He looked up to meet Fitzwilliam’s troubled gaze. “I will kill him.”

He thrust the letter at his cousin and turned in mute rage to slam both hands down on his desk. The nearest candlestick skittered sideways, its flame guttering. There he stayed, forcing air in and out of his nose. He could not speak. There were no words to express what he felt and no way of unpicking the knot of deception such a letter presented. The bastard was there now with Elizabeth!

He shoved himself away from the desk and stalked across the room. There was not enough space to contain his savage indignation. The sheer audacity of Bingley taking up in his house, dining at his table, conversing, joking, playing cards, dancing with Elizabeth—all the while wishing she were his! It was a worse betrayal than Wickham’s, who at least had done him the courtesy of being furtive.

Behind him, Fitzwilliam let out a long, low whistle. Darcy whirled about, having almost forgotten he was there. “A whistle?” he challenged, barely able to contain his fury. “The discovery that my brother by law, who has been one of my closest friends for above ten years and who is presently at my house under orders to safeguard my wife from harm, has in truth coveted her since before we wed draws naught more from you than a puerile whistle?”
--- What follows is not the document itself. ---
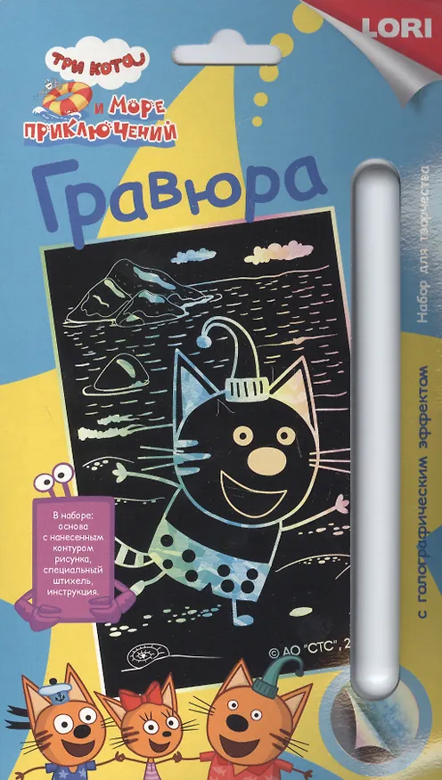 Гравюра - особый вид графического искусства. Сцарапывая верхний слой гравюры специальным штихелем, входящим в набор, ребёнок может самостоятельно создать настоящее произведение искусства и почувствовать себя гравером. Состав набора: основа с нанесенным контуром рисунка, специальный штихель, инструкция.
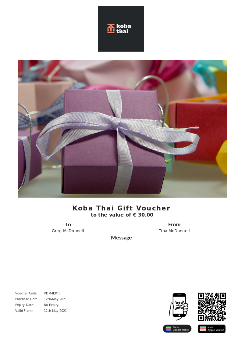 Koba Thai allows you to purchase instantly printable gift vouchers, special offers and tickets using the Voucher Connect platform.

“Untwist your ballocks, Darcy. I do not make light of it. It is objectionable in every way. Yet, it is evidently drunken prattle written, if I am not mistaken, before he knew of your attachment to her.”

“I care not when he wrote the damned thing. He is in love with my wife!”
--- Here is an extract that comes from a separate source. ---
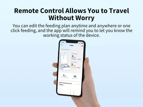 Also, you never have to worry about the food getting stuck inside as it is designed to always ensure a constant/stable dispensing system. Allows for app control & health data monitoring and customised feeding plans. Feeding your pet right on schedule is never going to be a problem.

Fitzwilliam flicked the letter straight and ran his eyes over it again, shaking his head. “Nay, it says nothing of love in here. ’Tis naught but sot’s ardour. I daresay Bingley has lusted after ’most every woman of his acquaintance at some point or another in his cups. He no doubt forgot the sentiment as soon as his head cleared.”

Darcy wished with all his being that were true, yet foreboding had pursued him all the way from Kent, and it would not be so easily satisfied.

“Indeed, he must have,” Fitzwilliam insisted, “for it was her sister he married.”

“He did not intend to.” Icy tendrils of alarm knifed through Darcy’s gut. “Jane threw herself at him and contrived to be discovered. He had no choice.”

Fitzwilliam squeezed his eyes closed and pinched the bridge of his nose. “Are you certain? I cannot imagine why a woman such as Jane Bingley should need to entrap a husband.”

Jane’s pitiful objection last Wednesday rang in Darcy’s mind:He does not esteem me!“She must have known he meant to offer for Elizabeth.”

“There is no evidence of that beyond these few impolitic ramblings,” Fitzwilliam said, gesturing at him with Bingley’s letter, but Darcy’s mind was already far beyond that point.

“He all but admitted it the night before the wedding,” he muttered incredulously. “How could I have forgotten? He drank himself into oblivion and came to me complaining that he doubted his affection for Jane.”

“Perhaps he was merely nervous of marriage.”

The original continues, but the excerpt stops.